Шаповалов медленно встал. Так медленно, словно сдерживал внутри себя готовую к извержению ярость.
— Ты в своем уме, Разумовский?! — его голос дрожал от гнева, хоть он и старался говорить тихо. — Хирургически?! Ты предлагаешь мне пойти на слепую поисковую операцию?! Вскрыть ему живот и часами ковыряться в нежнейшей ткани поджелудочной железы, рискуя в любой момент вызвать панкреонекроз или повредить аорту?! И все это ради поиска опухоли размером с горошину, которую мы даже на КТ не видим?!
Он ударил кулаком по столу. Папка с анализами подпрыгнула.

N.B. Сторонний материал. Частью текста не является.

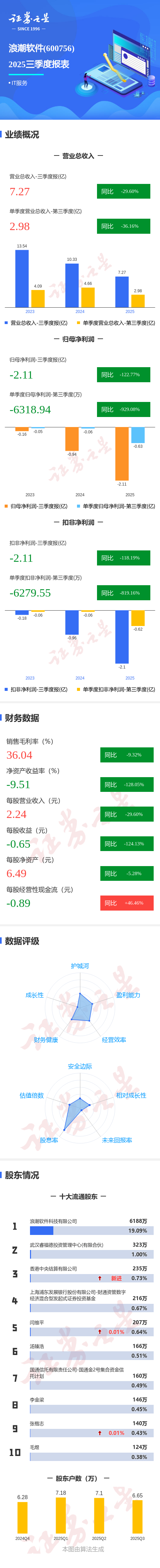 证券之星消息,浪潮软件2025年三季报显示,前三季度公司主营收入7.27亿元,同比下降29.61%;归母净利润-2.11亿元,同比下降122.78%;扣非净利润-2.11亿元,同比下降118.2%;其中2025年第三季度,公司单季度主营收入2.98亿元,同比下降36.16%;单季度归母净利润-6318.94万元,同比下降929.09%;单季度扣非净利润-6279.55万元,同比下降819.16%;负债率49.03%,投资收益861.42万元,财务费用-314.93万元,毛利率36.04%。

— Я не буду убивать пациента на операционном столе из-за твоих безумных амбиций! Это прямое нарушение главного принципа «не навреди»! Тема закрыта! Он будет лечиться консервативно!
Я молчал.
В моей прошлой жизни я бы с ним согласился. Более того, я бы сам предложил именно такой, консервативный, план. Риски были слишком высоки, а вероятность успеха — ничтожно мала.
Но сейчас все было иначе. Сейчас у меня было то, чего у меня не было раньше. Чего нет ни у кого в этой больнице.

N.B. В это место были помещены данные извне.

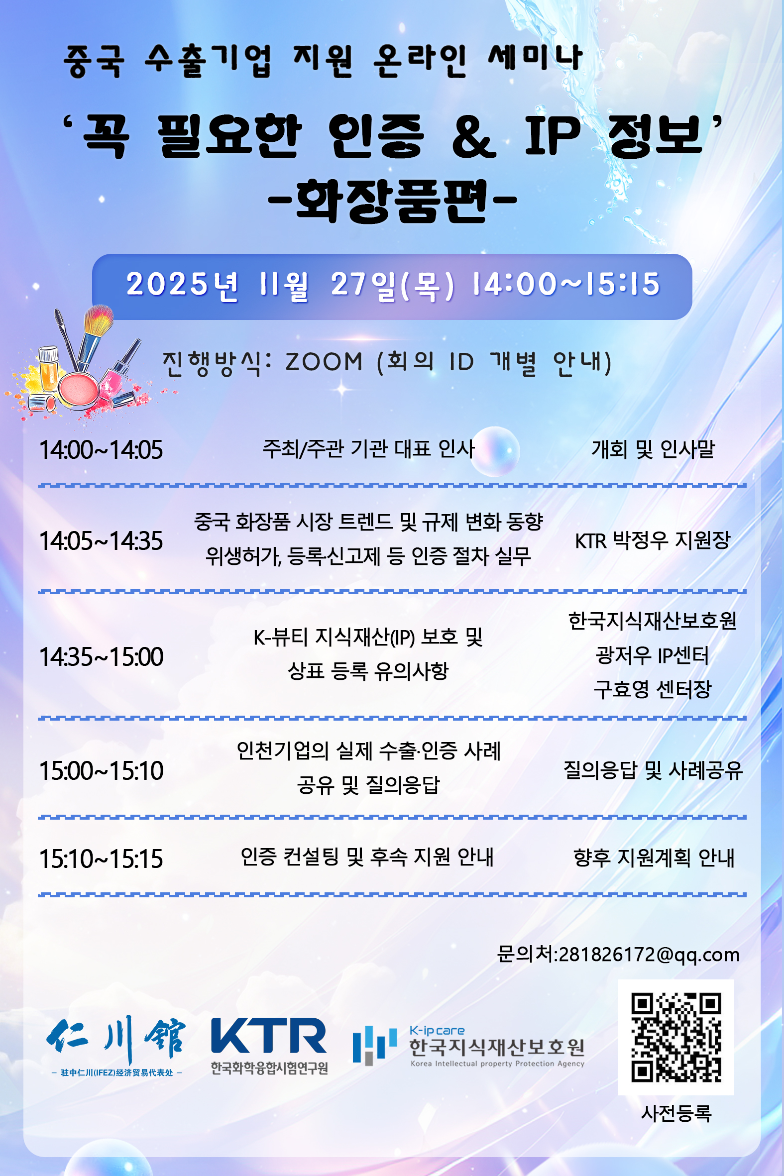| 제목 | [인천광역시]「인천 화장품 기업 대상 중국 수출지원 온라인 세미나」참여기업 모집 | ||

— Эй, двуногий! — возмущенно завопил у меня в голове Фырк. — Как это — не резать?! А зачем мы тогда всю эту головоломку разгадывали?! Просто чтобы таблетками его кормить?! Скажи этому старому перестраховщику! Скажи ему, что я могу нырнуть в пациента и найти все эти его раковые штуки за пять минут! Я же лучше любого КТ!
Сказать ему об этом я, конечно, не мог. Но у меня в рукаве была другая карта. Легальная.
— Компьютерная томография их действительно не увидит. Слишком маленькие, — произнес я ровным голосом. — А вот интраоперационное УЗИ — увидит.